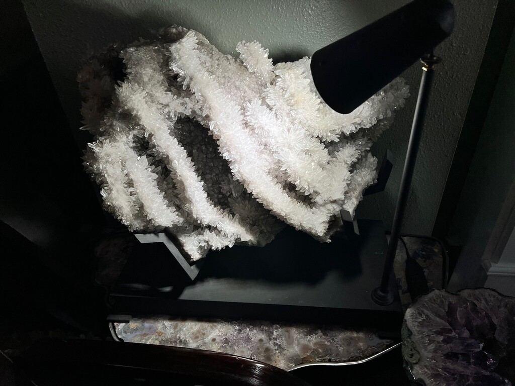 Columbian rare Quartz crystal formation. Rare because the normally form in flat walls. Cones on it’s own hand made forged base with a light.
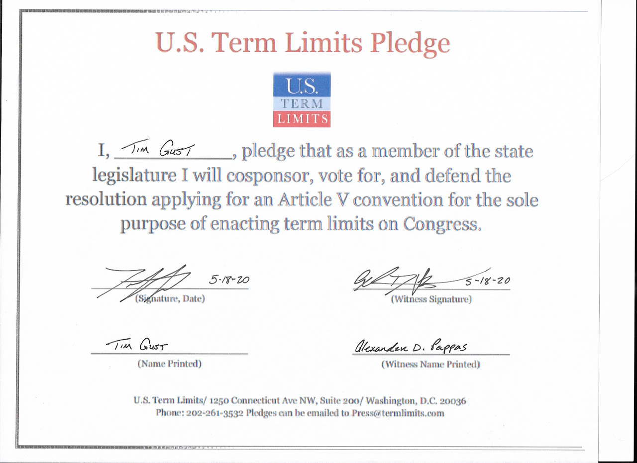Washington, D.C. – U.S. Term Limits (USTL), the leader in the national, non-partisan movement to limit terms for elected officials, is gathering support from state lawmakers across the nation. Its mission is to get 34 states to apply for an amendment proposal convention specific to term limits on Congress. 2020 Indiana state house candidate Tim Gust (district 20), has committed support for term limits on Congress by signing the Term Limits Convention pledge. Previously, Rep. Jim Pressel also signed the pledge. The primary election is scheduled for June 2, 2020.
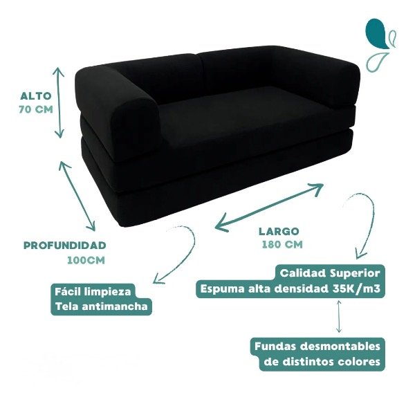 Además, es ideal para espacios reducidos, ya que se transforma en una cama amplia sin patas ni mecanismos complejos.
• • •
▶ [What to produce] Would you output the full listing exactly as it stands, minus the images?

▶ [Your response]
 Columbian rare Quartz crystal formation. Rare because the normally form in flat walls. Cones on it’s own hand made forged base with a light.
Washington, D.C. – U.S. Term Limits (USTL), the leader in the national, non-partisan movement to limit terms for elected officials, is gathering support from state lawmakers across the nation. Its mission is to get 34 states to apply for an amendment proposal convention specific to term limits on Congress. 2020 Indiana state house candidate Tim Gust (district 20), has committed support for term limits on Congress by signing the Term Limits Convention pledge. Previously, Rep. Jim Pressel also signed the pledge. The primary election is scheduled for June 2, 2020.
 Además, es ideal para espacios reducidos, ya que se transforma en una cama amplia sin patas ni mecanismos complejos.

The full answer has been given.